Not to mention, the effects of children and their families losing their homes to hurricane Sandy, and in some cases, families being separated–Sandy’s impacts have long-term effects for kids and their families.
Not to mention the effects of children and their families losing their homes to Superstorm Sandy, and in some cases, families being separated–Sandy’s impacts have long-term effects for kids and their families.
Thank you CTS. These tests are tantamount to child abuse. Would the city license a teacher whose classroom lesson plans elicited feelings of nervousness, anxiety and stress? I think not. We are asked to grade our schools in the recently handed out “learning environment survey” – this is laughable. Our school, under crushing budget cuts and soaring classroom sizes has done an incredible job teaching our children. The F goes to all involved with high stakes testing. Does my child in school have feelings of struggle, anxiety and nervousness?
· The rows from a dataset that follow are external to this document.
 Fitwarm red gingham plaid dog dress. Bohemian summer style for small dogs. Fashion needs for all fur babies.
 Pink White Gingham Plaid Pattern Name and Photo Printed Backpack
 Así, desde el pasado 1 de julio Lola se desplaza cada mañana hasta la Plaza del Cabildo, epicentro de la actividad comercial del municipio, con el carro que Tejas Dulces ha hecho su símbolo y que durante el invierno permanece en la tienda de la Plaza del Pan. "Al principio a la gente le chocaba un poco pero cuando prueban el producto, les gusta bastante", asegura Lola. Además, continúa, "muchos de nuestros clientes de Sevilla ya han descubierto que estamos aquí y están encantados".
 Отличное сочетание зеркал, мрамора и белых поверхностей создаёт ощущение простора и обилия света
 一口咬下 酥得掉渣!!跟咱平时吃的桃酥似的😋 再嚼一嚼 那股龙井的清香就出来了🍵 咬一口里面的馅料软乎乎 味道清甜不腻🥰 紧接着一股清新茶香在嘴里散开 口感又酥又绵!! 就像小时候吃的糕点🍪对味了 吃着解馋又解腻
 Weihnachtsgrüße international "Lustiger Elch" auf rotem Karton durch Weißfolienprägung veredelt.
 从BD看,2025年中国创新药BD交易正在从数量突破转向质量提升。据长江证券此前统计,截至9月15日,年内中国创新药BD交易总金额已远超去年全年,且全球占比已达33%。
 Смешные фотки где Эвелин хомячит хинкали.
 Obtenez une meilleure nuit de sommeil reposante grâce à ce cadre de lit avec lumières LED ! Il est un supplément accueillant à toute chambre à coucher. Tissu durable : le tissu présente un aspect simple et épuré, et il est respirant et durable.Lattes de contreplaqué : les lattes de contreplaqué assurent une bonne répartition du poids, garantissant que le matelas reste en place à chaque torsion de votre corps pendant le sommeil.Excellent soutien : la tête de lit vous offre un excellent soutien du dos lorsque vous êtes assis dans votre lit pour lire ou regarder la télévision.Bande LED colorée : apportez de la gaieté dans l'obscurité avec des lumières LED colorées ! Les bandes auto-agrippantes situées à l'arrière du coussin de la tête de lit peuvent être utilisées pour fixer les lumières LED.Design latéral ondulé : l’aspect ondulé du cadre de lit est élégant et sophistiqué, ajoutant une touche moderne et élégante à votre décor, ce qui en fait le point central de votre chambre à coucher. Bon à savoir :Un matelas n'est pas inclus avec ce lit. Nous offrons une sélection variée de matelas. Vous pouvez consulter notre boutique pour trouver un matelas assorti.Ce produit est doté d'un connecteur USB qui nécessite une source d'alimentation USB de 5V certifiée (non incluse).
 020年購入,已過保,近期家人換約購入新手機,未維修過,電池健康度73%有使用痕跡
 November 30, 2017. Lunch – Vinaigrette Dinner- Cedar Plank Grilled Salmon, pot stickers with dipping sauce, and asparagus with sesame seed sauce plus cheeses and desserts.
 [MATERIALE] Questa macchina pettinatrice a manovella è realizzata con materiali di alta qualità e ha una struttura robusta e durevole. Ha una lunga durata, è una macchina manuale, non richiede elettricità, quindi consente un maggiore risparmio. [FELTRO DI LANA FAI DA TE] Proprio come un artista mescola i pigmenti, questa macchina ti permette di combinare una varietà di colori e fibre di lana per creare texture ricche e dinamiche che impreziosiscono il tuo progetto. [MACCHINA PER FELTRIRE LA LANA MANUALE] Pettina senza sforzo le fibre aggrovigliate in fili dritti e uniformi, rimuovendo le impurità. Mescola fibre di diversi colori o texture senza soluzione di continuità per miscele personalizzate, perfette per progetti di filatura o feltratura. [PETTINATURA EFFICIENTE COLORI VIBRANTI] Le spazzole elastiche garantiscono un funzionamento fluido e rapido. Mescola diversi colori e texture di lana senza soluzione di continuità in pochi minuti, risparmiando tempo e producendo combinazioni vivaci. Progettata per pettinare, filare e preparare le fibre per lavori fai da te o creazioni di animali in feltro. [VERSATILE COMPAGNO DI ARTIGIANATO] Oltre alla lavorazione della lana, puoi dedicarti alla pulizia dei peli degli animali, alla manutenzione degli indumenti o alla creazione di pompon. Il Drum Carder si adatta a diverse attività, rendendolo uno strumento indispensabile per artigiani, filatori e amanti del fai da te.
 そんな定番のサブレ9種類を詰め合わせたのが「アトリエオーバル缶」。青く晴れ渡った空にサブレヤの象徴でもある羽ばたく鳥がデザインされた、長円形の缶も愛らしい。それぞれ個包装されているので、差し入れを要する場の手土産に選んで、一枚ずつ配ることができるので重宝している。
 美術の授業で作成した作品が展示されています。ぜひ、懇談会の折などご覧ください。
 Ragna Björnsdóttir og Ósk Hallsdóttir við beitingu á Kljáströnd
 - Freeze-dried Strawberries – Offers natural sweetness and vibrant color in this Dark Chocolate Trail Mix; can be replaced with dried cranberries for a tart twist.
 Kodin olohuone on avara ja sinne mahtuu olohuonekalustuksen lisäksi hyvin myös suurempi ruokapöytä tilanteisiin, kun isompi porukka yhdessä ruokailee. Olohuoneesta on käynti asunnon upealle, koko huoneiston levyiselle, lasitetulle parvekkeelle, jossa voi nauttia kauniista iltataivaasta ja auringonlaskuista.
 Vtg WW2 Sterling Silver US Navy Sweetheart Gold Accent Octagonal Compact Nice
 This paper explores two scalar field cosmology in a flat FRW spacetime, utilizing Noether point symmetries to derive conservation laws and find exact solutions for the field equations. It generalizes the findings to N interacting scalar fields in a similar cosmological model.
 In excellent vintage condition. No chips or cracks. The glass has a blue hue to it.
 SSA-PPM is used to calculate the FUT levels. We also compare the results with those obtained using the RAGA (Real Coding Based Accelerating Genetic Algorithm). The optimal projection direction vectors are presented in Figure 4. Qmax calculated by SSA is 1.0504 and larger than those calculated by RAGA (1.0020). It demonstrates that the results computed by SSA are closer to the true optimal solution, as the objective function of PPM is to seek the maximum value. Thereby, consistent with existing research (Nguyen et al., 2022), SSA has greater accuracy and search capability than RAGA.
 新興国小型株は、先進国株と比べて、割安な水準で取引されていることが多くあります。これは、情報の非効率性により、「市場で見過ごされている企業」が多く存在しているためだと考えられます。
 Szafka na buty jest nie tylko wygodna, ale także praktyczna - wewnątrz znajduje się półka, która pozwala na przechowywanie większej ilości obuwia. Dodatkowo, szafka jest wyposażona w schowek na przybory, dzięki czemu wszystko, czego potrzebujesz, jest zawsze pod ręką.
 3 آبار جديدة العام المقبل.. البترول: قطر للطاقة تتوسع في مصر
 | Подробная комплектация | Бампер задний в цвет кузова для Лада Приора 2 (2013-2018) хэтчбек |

Yes. I call it BULLYING (aka High Stakes Testing). Bullying: verb: use superior strength or influence to intimidate, typically to force him/her to do what one wants. Parents and Educators did not ask for these tests and instead are rallying against them. NYC public school students are being bullied, and its high time we parents stand up for what is right and not allow our childrens lives to be affected by a BULLY. Here we have an imbalance of power, whereby High Stakes Testing is wielded like a weapon to intimidate our teachers and our students – so here we are, standing up and loudly saying NO. According to StopBullying.gov, “when adults respond quickly and consistently to bullying behavior they send the message that it is not acceptable.” Chancellor Walcott, how much clearer can we be????
how “opting out” would affect the 7th grade student? As you know, it is already “the high stake year” filled with high-school admission madness. Would not the child’s grades suffer as the result of opting out?
By the way, you might be interested in reading the following post:
http://underzodiacclock.com/2010/10/05/american-education-reform (American Education Reform at Zodiac Times blog)
I would also read the comments there left by educators
A gratitude of appreciation to change the stakes to have the courage to write a letter to the NYC Chancellor. Your letter was loud and clear and hope it does not fall on deaf ears!! I will like to mention to all parents who children attend NYC public schools that the NYS ELA and Math exams only counts in NYC public school for promotional criteria and the entire state of New York does not!!! Parents it is time for you to stand up against the Mayor’s attack on your children and how he is using our public schools to benefit his propaganda to close public schools and to open charter schools. The main reason our school system is failing is not the fault of the teachers who work extremely hard and need to cover every single standards whether or not the students truly master it. It is the fault of the chancellor as well as the mayor that our schools are “failing” it is all about the money from the federal gov’t. It is a disgrace!!
Parents refuse to take all damaging test by the DOE. Please go to changethestakes.org to find support. You can find parents to conect with who are in your area to help you thru the refusal of high stakes tests.